The γ-GT activity and total serum bilirubin concentration did not differ significantly between the study groups. The percentage of children with direct bilirubin concentrations exceeding 20% of total serum bilirubin was also comparable. No disorders of the synthetic function of the liver were found in any of the patients; the Quick index was normal.
In the second group, abnormal abdominal ultrasound results were obtained significantly more often. Particular abnormalities (hepatomegaly, enlarged lymph nodes in the liver hilum, thickening of the gallbladder wall, or accumulation of fluid around the gallbladder) also occurred more frequently in this group, although the differences were no longer statistically significant.
Children with EBV and CMV dual positivity met the criteria (created for our study), indicating a more severe course of hepatitis (than usually observed in IM) more than twice as often as did patients from the first group.

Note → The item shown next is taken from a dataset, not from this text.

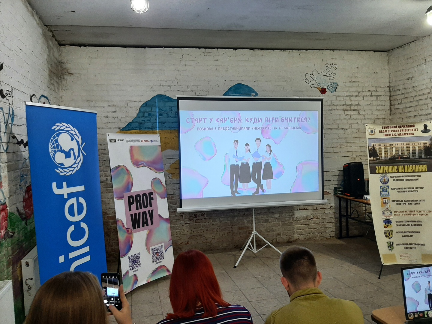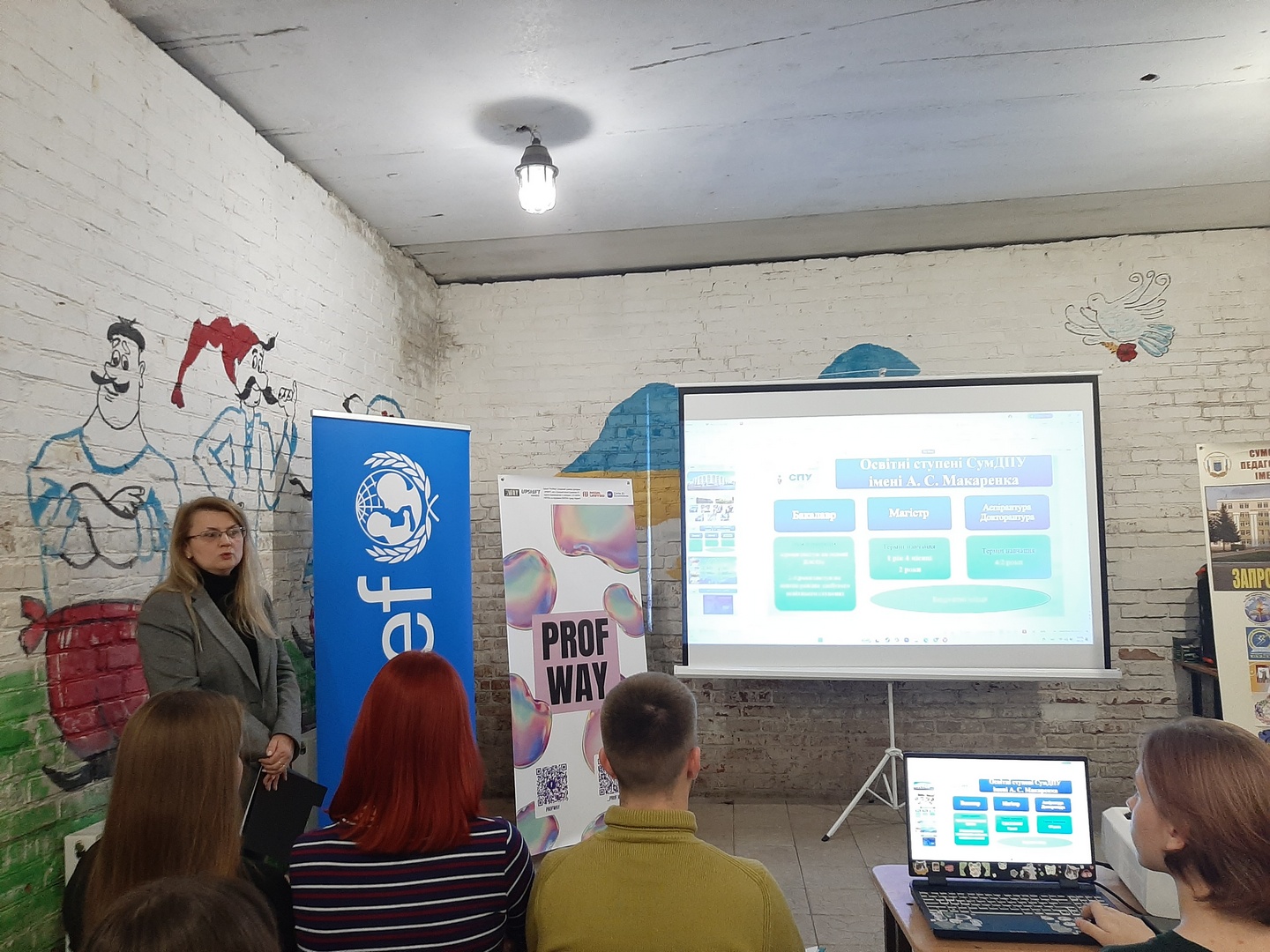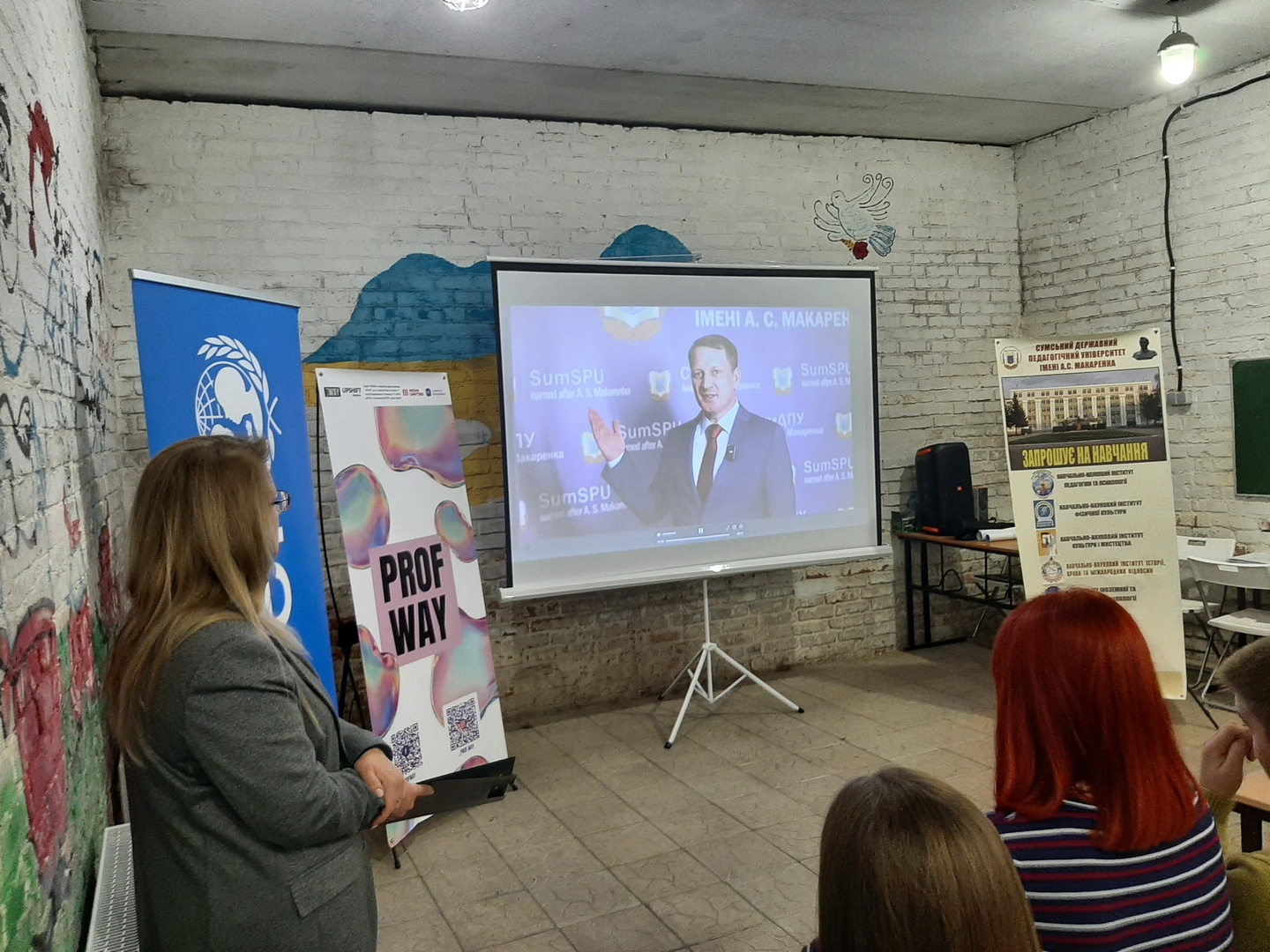 27 листопада 2024 року Центр професійно-кар'єрної орієнтації та вступу на навчання СумДПУ імені А. С. Макаренка з великим задоволенням та захопленням активною талановитою молоддю прийняв участь у заході «Старт у карʼєру: куди піти вчитись?», який відбувся в межах проєкту «ProfWay”, створений в межах програми UPSHIFT, яку в Сумській області реалізує ГО «NOVA UNITED» у співпраці з ГО «Центр Євроініціатив» за підтримки ЮНІСЕФ Україна і уряду Норвегії.

In children with EBV monoinfection, antibiotic therapy after hospital admission was used significantly more often (usually due to acute bacterial pharyngitis). The rate of prescription of antibiotics in the first group reached 50.61%, which is consistent with the results of studies by other authors [10, 18]. In children diagnosed with bacterial pharyngitis, the McIsaac clinical criteria were met, and the S. pyogenes rapid test was performed. Patients with streptococcal pharyngitis received cefuroxime after hospital admission (although it is not the first-line therapy), because EBV infection may predispose to bacterial superinfections of etiology other than S. pyogenes (bacterial superinfection of mixed etiology).
The strength of this work is the large number of patients included in our study.
An inherent limitation of this study is its retrospective nature, which is based on medical records, and the absence of some data in a few cases. Only patients who required hospitalization were evaluated. Another limitation is the lack of confirmation of acute CMV infection with additional tests, such as polymerase chain reaction (PCR), IgG seroconversion, or detection of CMV antigen; therefore, a false-positive result due to antibody cross-reaction cannot be ruled out.
In conclusion, the results of our study highlighted several characteristics of children with dual positivity for EBV and CMV compared to those who were positive for EBV only. In children with dual positivity for EBV and CMV, we observed more pronounced clinical symptoms of hepatitis and more frequently abnormal ultrasound images of the liver and bile ducts. These differences may reflect true EBV and CMV coinfection or may result from individual variability in immune system function.
Nevertheless, the above uncertainties may be clarified in subsequent prospective studies using broader molecular diagnostic methods.